■「軍がやべえ!!」ヒューズが命がけで遺した警告の真意
最後に紹介するのは、マース・ヒューズ中佐が遺した、あの印象的なセリフにまつわる伏線回収だ。
ヒューズはロイ・マスタングの親友であり、彼の野心を支える盟友でもあった。家庭では妻と娘を溺愛する「親バカ」な一面を持っており、娘の写真を周囲に見せびらかす姿など、その人間味あふれる姿はシリアスな物語の中で読者の心を和ませる存在であった。
序盤で退場したにもかかわらず彼がこれほどまでに強い印象を残したのは、その魅力的な人柄だけが理由ではない。なぜならヒューズは物語のかなり早い段階で、このアメストリスという国家に渦巻く陰謀の核心に最も迫った人物だったからである。
第15話「鋼のこころ」にて。各地の事件や戦争の記録を独自に調べ上げたヒューズは、アメストリスの歴史や戦争の配置から、不自然な共通点があることに気づく。それは国家の背後に巨大な陰謀の存在を示唆するものであった。だが、真実に近づきすぎたがゆえに彼は命を狙われ、ホムンクルスであるエンヴィーによって命を奪われてしまうのである。

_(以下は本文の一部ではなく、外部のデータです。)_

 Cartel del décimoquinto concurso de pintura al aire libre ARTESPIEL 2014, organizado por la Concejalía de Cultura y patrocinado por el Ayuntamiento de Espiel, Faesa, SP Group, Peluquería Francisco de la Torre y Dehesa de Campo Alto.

死の間際、彼はマスタングへの電話で「軍がやべえ!!」という言葉を遺す。当初マスタングはこれを「軍に危険が迫っている」という警告だと解釈していたが、第50話「腹の中」で、その言葉に秘められた本当の意味に気づくこととなる。
マスタングは中央司令部の内部で少しずつ仲間を増やし、ホムンクルスであることを隠すキング・ブラッドレイ大総統に対する反撃の機会をうかがっていた。しかし、そこにブラッドレイ本人が現れ、中央司令部そのものがすでに敵の支配下にあることが明らかになる。
この絶望的な状況に直面し、マスタングははじめて亡き友が最期に残した言葉の真意を悟る。「軍がやべえ!!」とは、単に「軍に危機が迫っている」という警告ではなく、アメストリス軍がすでに得体の知れない敵の手に落ち、支配されている——まさに「軍そのものがやばい」という恐るべき事実を示す言葉だったのだ。

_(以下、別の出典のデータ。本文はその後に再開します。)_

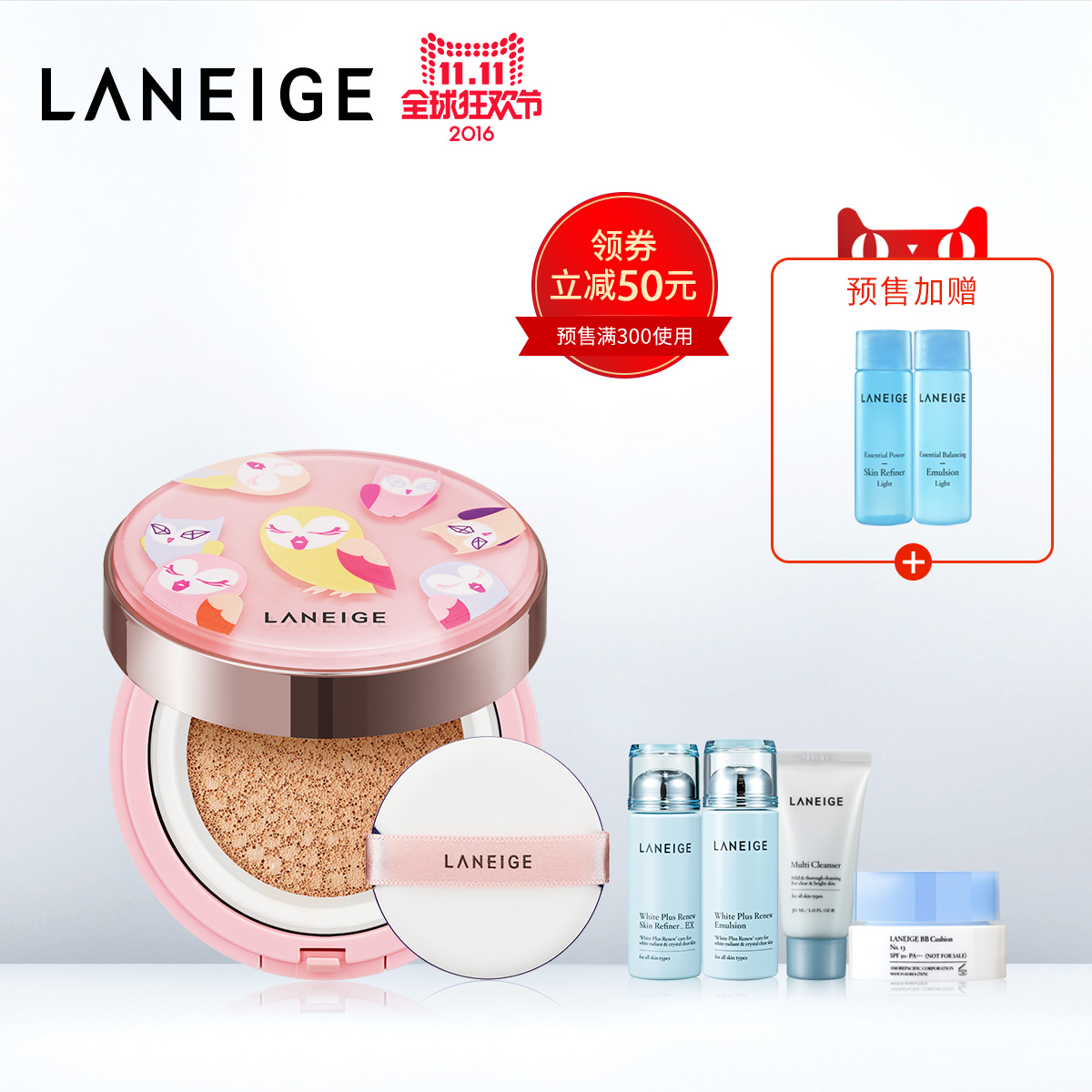 【新品首发】兰芝限量版猫头鹰气垫BB霜 赠替换芯 遮瑕 裸妆防晒

序盤の人気キャラの退場とともに遺されたこの一言が、やがて国家規模の陰謀として姿を現す。この鮮やかな構成は、『鋼の錬金術師』がいかに計算され、描かれているかを印象付ける見事な伏線回収劇であった。
今回取り上げた3つの伏線は、いずれも当初は断片的な謎や情報として描かれている。しかし、物語が進むにつれて、それらはやがてひとつの巨大な陰謀へとつながっていく。
連載期間約9年、コミックス全27巻という長編でありながら、序盤に何気なく配置された小さな描写が終盤の核心へと結びついていく構成は、まさに見事というほかない。
あらためて読み返してみると、今回取り上げたもの以外にも、物語の至るところに意味深なヒントが散りばめられていることに気づくはずだ。この緻密に計算された物語構造こそが、『鋼の錬金術師』が色あせることのない名作として、今なお多くの読者に語り継がれている理由のひとつなのである。